The above description is merely a specific embodiment or to the explanation of specific embodiment, protection of the invention Range is not limited thereto, and anyone skilled in the art in the technical scope disclosed by the present invention, can be easily Expect change or replacement, should be covered by the protection scope of the present invention.Protection scope of the present invention should be with claim Subject to protection scope.

Claims

1. a kind of system of the shared storage for training pattern, which is characterized in that the system comprises:

Dispatching platform dispatches second cluster, so that the Distributed sharing stores carry on the virtual machine.

2. system according to claim 1, which is characterized in that dispatching platform dispatches second cluster, comprising:

The dispatching platform selects several the second physical machines from second cluster, and to several second physical machines Send scheduling request.

3. system according to claim 2, which is characterized in that several second physical machines in second cluster After receiving scheduling request, start virtual machine, and distribute hardware resource for respective virtual machine.

4. system according to claim 3, which is characterized in that the Distributed sharing provided by first cluster is deposited Carry is stored up on the virtual machine that several second physical machines are started.

5. system according to claim 1, which is characterized in that be arranged in every second physical machine in second cluster There is agency, the agency obtains the virtual machine information of the second physical machine where it, and acquired virtual machine information is sent To the dispatching platform.

6. system according to claim 5, which is characterized in that the dispatching platform is used according to the virtual machine information Dispatching algorithm is scheduled.

7. system according to claim 2, which is characterized in that certain second in setting several second physical machines Physical machine is as server, and other second physical machines in several second physical machines are as worker's machine,

Wherein, the server provides Network File System NFS service, and worker's machine carry is simultaneously serviced using the NFS.

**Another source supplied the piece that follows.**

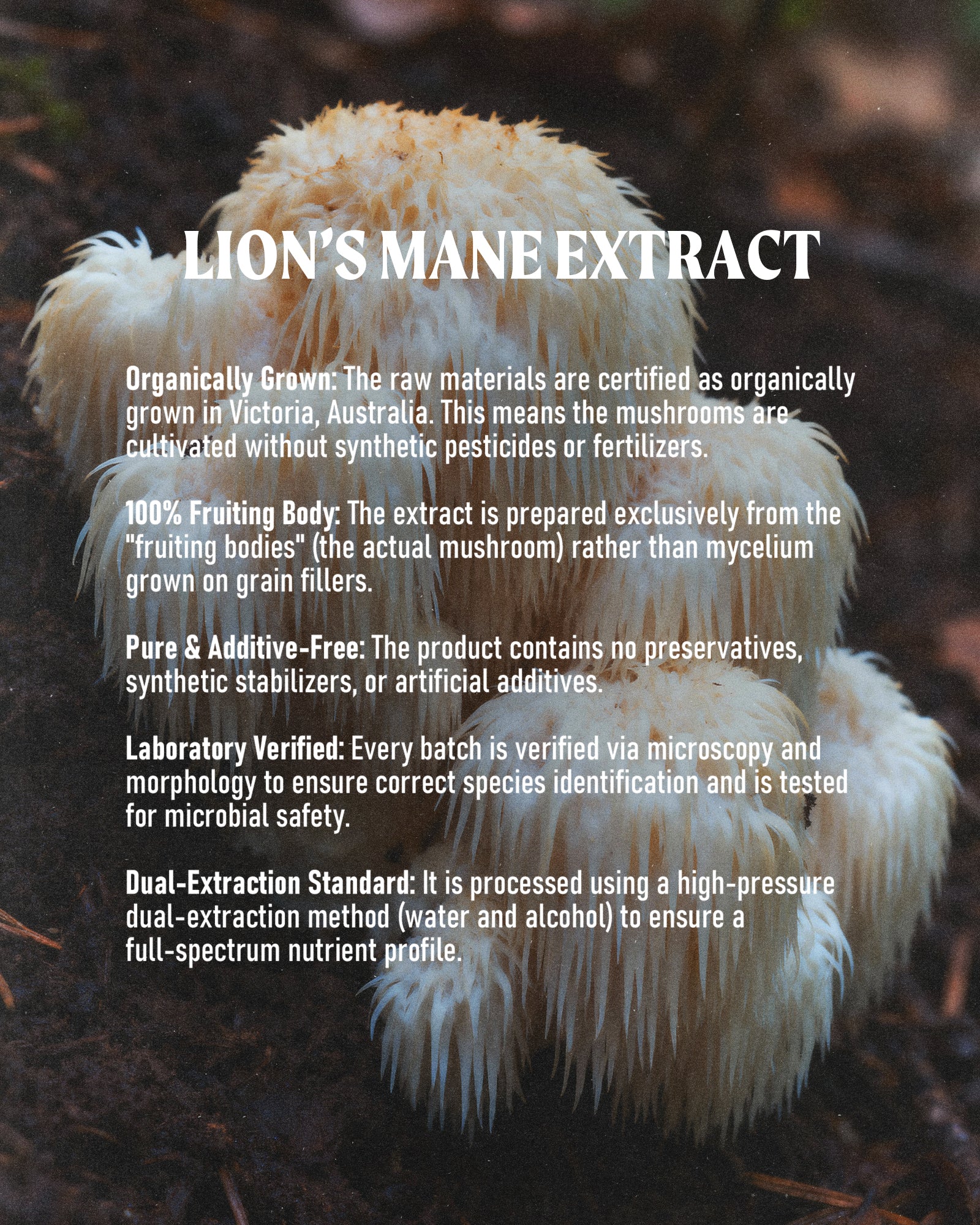 Organically grown in Victoria, Australia. Dual-extracted using hot water and 95% ethanol to capture the complete spectrum of beneficial compounds - including hericenones and erinacines that support Nerve Growth Factor production.

8. system according to claim 7, which is characterized in that the block of the virtual machine institute carry of the server stores RBD Server as NFS service.

9. system according to claim 7, which is characterized in that the internet protocol address or domain name of the server It is fixed.

10. system according to claim 7, which is characterized in that when the state variation and nothing of certain second physical machine When method guarantees normal program operation, migrated using by another the second physical machine as the server.

11. system according to any one of claim 1 to 10, which is characterized in that further include:

Control centre receives user's request, and sends and instruct to the dispatching platform；

Wherein, the dispatching platform dispatches second cluster after receiving described instruction.